A new Massachusetts law requires protestors to stand at least 35 feet from the entrances to abortion clinics. Under the old law, they were required to stand 18 feet away, but could enter the zone if permitted to by the patients. Passer-by and pro-choice advocates are permitted in the 35-foot zone; protestors (however peaceful) are not. Pro-abortion advocates argue that the restrictions are necessary to stop someone like John Salvo, who actually entered a clinic in 1994 and opened fire.

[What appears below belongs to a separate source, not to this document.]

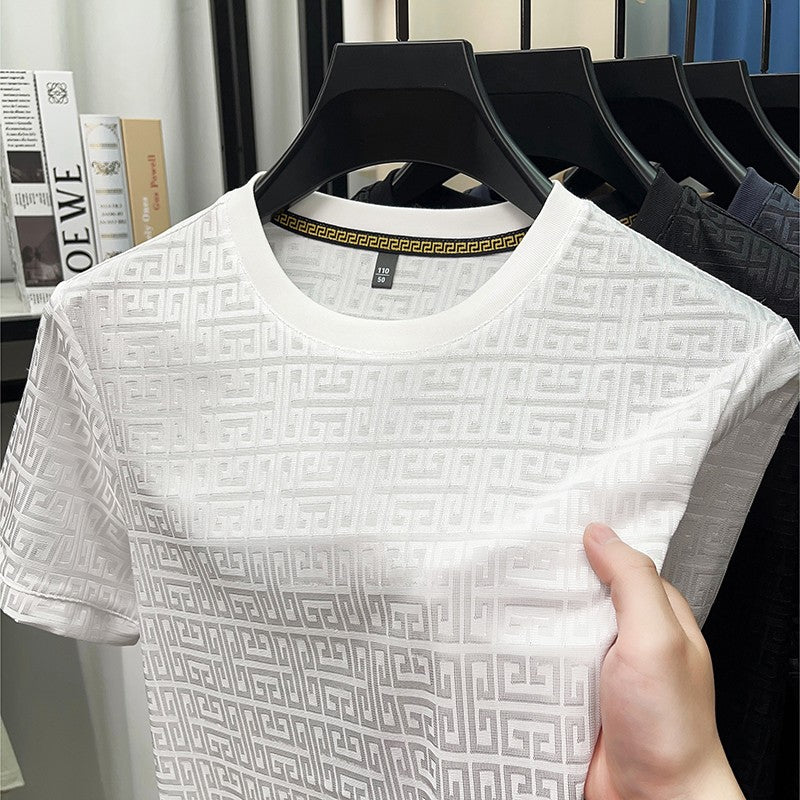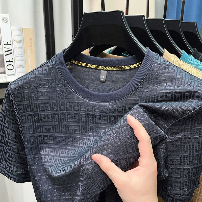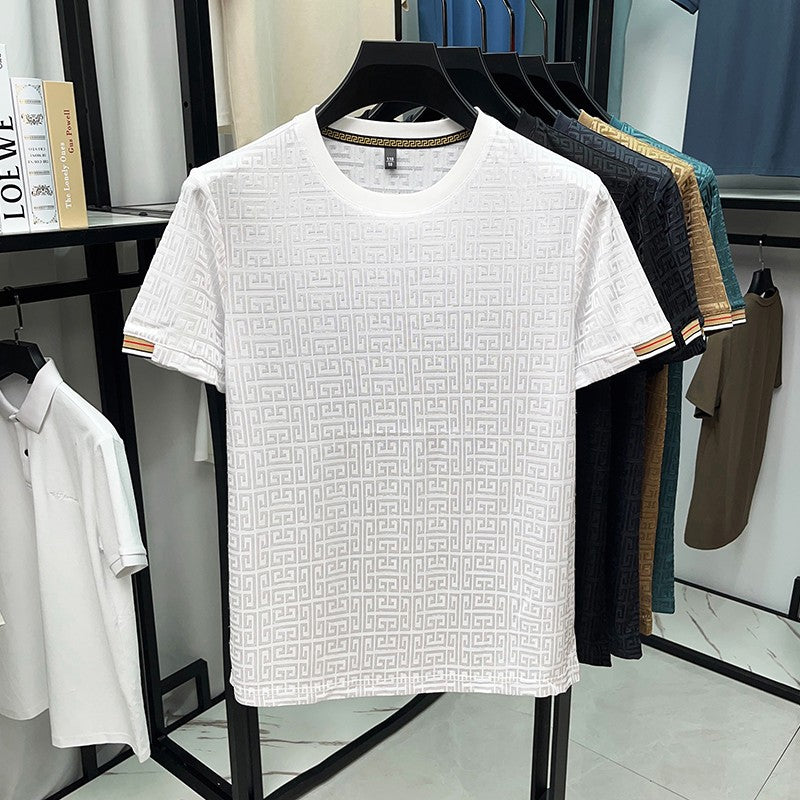 2025 New Men's Fashionable Jacquard Short Sleeved Round Neck T-shirt Casual and Comfortable All Season Versatile Top

In order to meet Constitutional muster, a restriction on free speech must be narrowly tailored to meet a compelling state interest. As a matter of common sense, there is little point making restrictions based on something that one person did thirteen years ago that would not be stopped by the proposed law. The asserted compelling state interest is presumably to allow women access to abortion clinics:
Some of the more contentious scenes outside the Planned Parenthood clinic in Allston, officials there say, have occurred on the second Saturday of each month, when abortion opponents hold a special prayer vigil there, and the crowd of protesters can grow to 50 or 100.
Ooohhh… prayer vigils! Scary and wild!
This law is hardly narrowly tailored to meet this interest, especially considering that the alleged bad behaviour is already illegal. Abortion advocates claim that protestors block entrances to clinics. Well, call the police. They claim that protestors make videotapes of people’s cars and license plates (although that information is practically useless; many people don’t even know their own license plates, let alone those of their friends and extended family); there is little stopping the clinic owners from videoing the videographers and using that information if the women are subject to later harassment. Harassment is already illegal. Free speech is not, nor should it be. There is little sense in banning the latter because one is too lazy to avoid prosecuting the former.
Sidewalks are quintessential public forums – the most sacrosanct of places for debate and discussion. The Court frowns upon non-content neutral restrictions; this one, which permits pro-abortion advocates inside the zone but forbids pro-life advocates the same, is certainly not content-neutral.
The Court’s reasoning in Hill v. Colorado is internally inconsistent. It claims, in asserting a compelling state interest, that pregnant women have a right to be free from unwanted speech that would cause trauma. The only rational way to read this element is to be free from pro-life speech; pro-choice speech would hardly traumatise her. The Court then declares the restriction to be content-neutral, as it prescribes a place of protest, not the elements therein (distinguish the Massachusetts regulation), and states that the ban applies equally to all opinions. It strains logic to state that a ban is enacted because pro-life speech is fantastically traumatising, but that the ban is content-neutral.
Obviously, pro-choice advocates are distressed at the continued opposition to their political position and the continued opposition to abortion law. There is certainly a basic civil right to try to enact the laws that one prefers to have, and to enforce them (instead of allowing them to be a dead letter) once so enacted; however, there is no right – legal, philsophical, or moral – to forbid others from protesting the enactment and enforcement of that law. You have abortion on demand; that doesn’t mean we have to be happy about it.